***** Source data

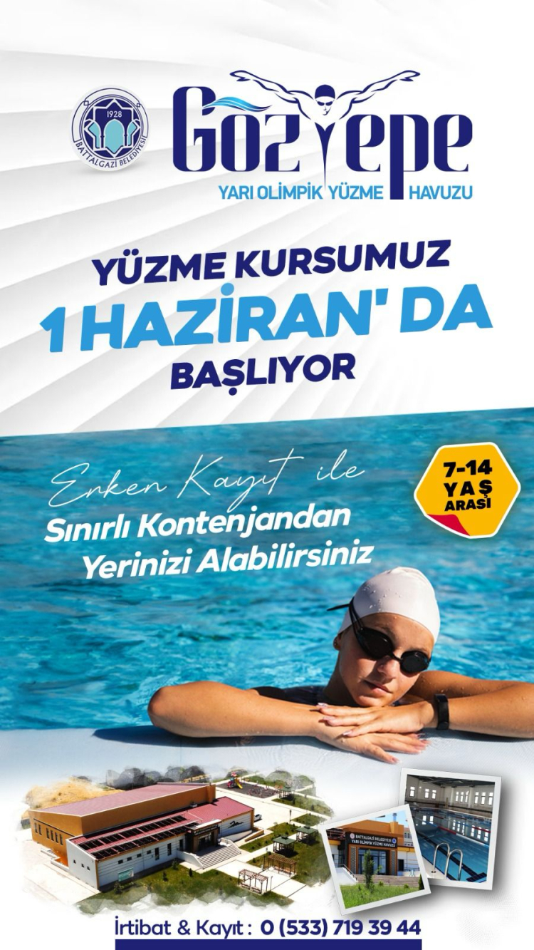 Battalgazi Belediyesi Göztepe Yarı Olimpik Yüzme Havuzu’nda 7-14 yaş arası çocuklara yönelik yüzme kursları 1 Haziran’da başlıyor. Erken kayıt avantajıyla sınırlı kontenjandan yararlanmak isteyenler için başvurular devam ediyor.
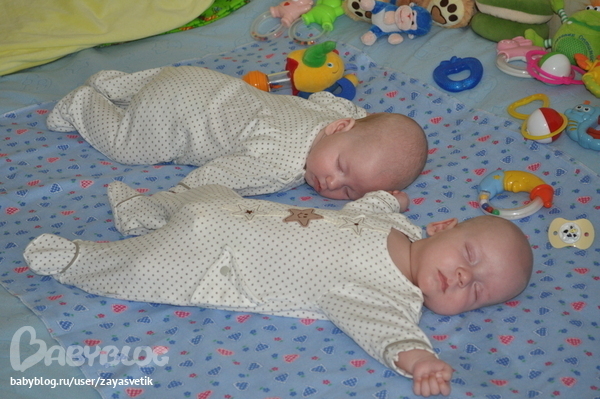 младший сейчас стал радовать с каждым днем, сам научился на животик переворачиваться и делает это постоянно, тянет ручки к игрушкам и улыбается им ( общается с ними), старший ленится переворачиваться но сегодня смотрю уже пробует сам (я ему вчера показывала как это делается). Любят когда мама им поет, они улыбаются и подпевают по своему, агукают, погремушки стали держать, бутылочку поддерживают, любят когда я их держа за руки раскачиваю в разные стороны, они прям ржут от этого спорта.
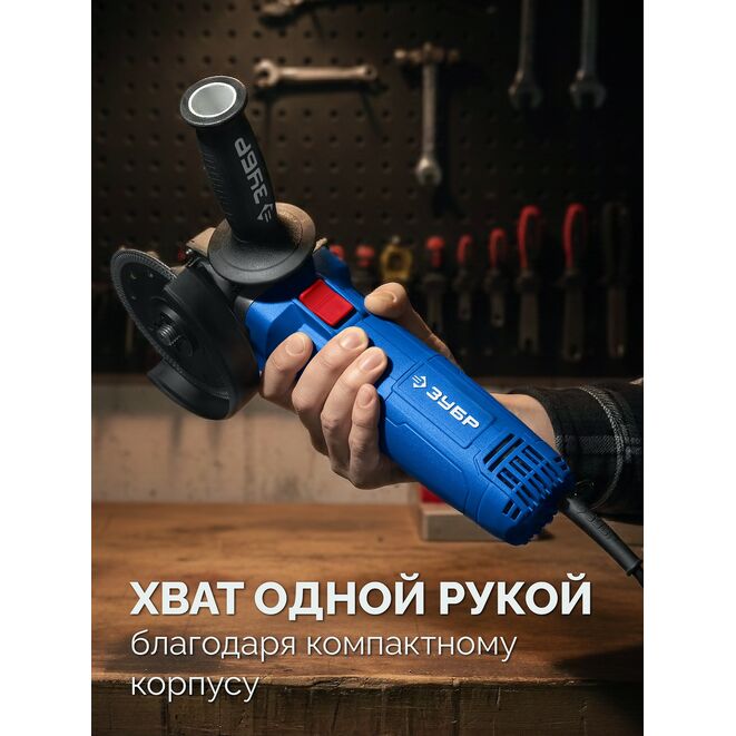 - Самая мощная среди одноручных моделей в ассортименте ЗУБР. Способна работать с отрезными, шлифовальными, алмазными дисками, щетками-крацовками всех видов, а также алмазными чашками
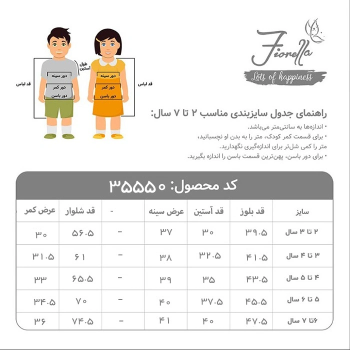 | سایز | 2-3 سال, 3-4 سال, 4-5 سال, 5-6 سال, 6-7 سال |
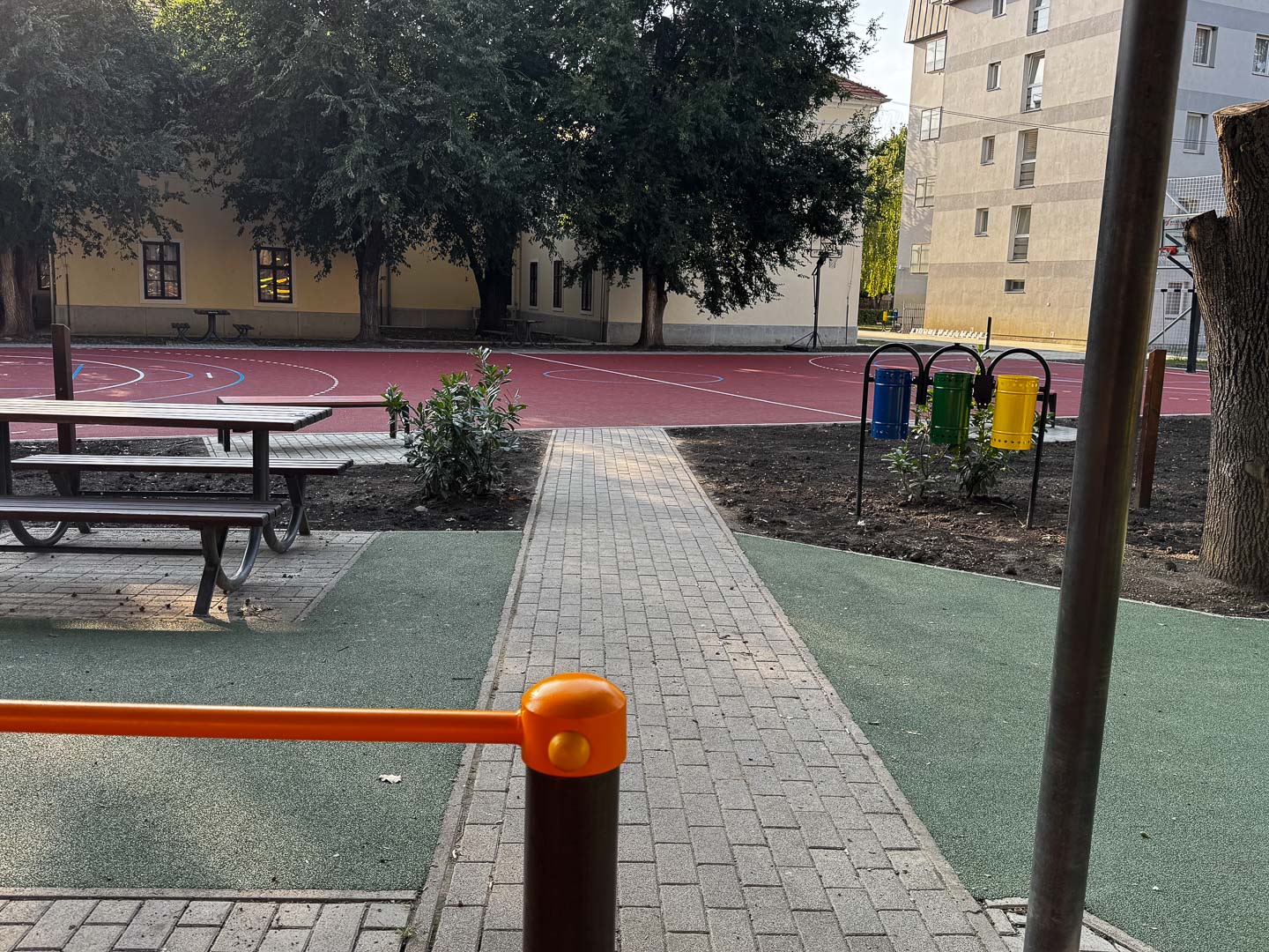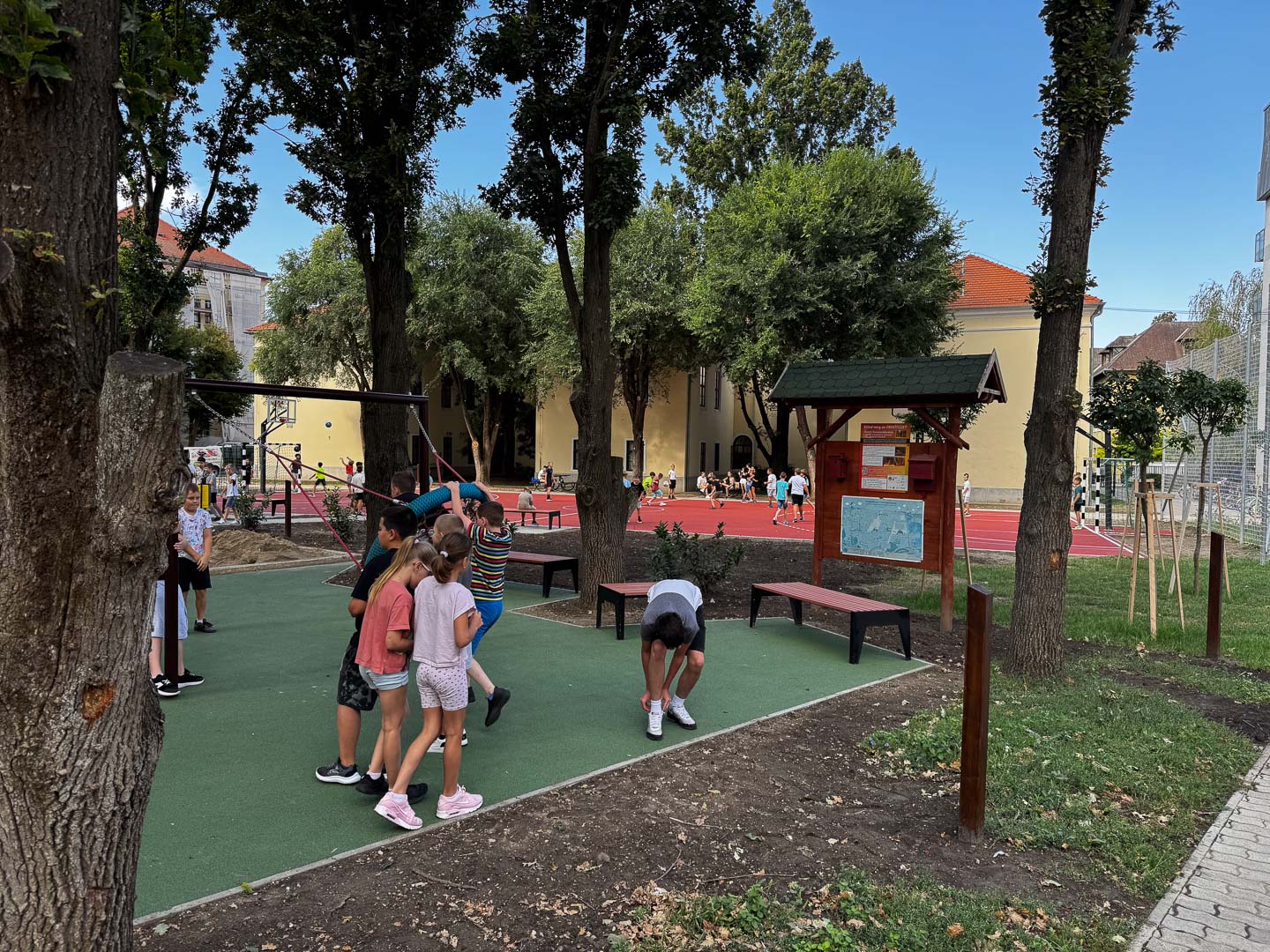 Elbontásra, majd újjáépítésre került a rekortán burkolatot kapott sportpálya, bruttó harmincöt millió forint értékű beruházás keretében, amely a testnevelés órák mellett a kosárlabda és labdarúgás intézményi sportcsoportjainak, utánpótlás nevelésének feltételrendszerét javítja. E mellett mind a Gyakorlóintézmény, mind a pedagógusképző kar testnevelés óráinak feltételrendszerét javítja a beruházás a campuson belül. Régi adóssága volt az intézménynek, hogy az iskolai játszóudvar felújításra kerüljön, ennek megvalósítása korábban is az intézményi fejlesztési stratégia kiemelt része volt. A teljes iskolai játszóudvar rekortán burkolatot kapott, bruttó harmincöt millió forint értékben. Felújításra került az intézmény kondicionáló parkja, mintegy br. kétmillió forint fejlesztési összeggel, és további játszótéri elemek cseréje valósulhatott meg. Az udvar játszó- és sportrészének teljes parkosítása történt egymillió forint értékben. A fejlesztés keretében új kerékpártároló került kialakításra, amely beruházás br. hárommillió forint értékben valósult meg. Szelektív hulladékgyűjtő pontok kerültek kialakításra, és új kiülő szigeteket alakított ki az intézmény, kulturált intézményi környezetet kialakítva, nem csupán a Gyakorlós gyermekek számára, de az egyetemi hallgatóink részére is. A „B” oktatási épületben négy tanterem felújítása valósult meg a nyár folyamán, korszerű tanulási környezetet kialakítva a tanulók és egyetemi hallgatók részére.

**********

■ **Task to carry out**
Whatever pictures the records hold, omit them; give again exactly the lines from the one containing "- Самая мощная" through the one containing "سال, 6-7 سال |".

■ **Output**
 - Самая мощная среди одноручных моделей в ассортименте ЗУБР. Способна работать с отрезными, шлифовальными, алмазными дисками, щетками-крацовками всех видов, а также алмазными чашками
 | سایز | 2-3 سال, 3-4 سال, 4-5 سال, 5-6 سال, 6-7 سال |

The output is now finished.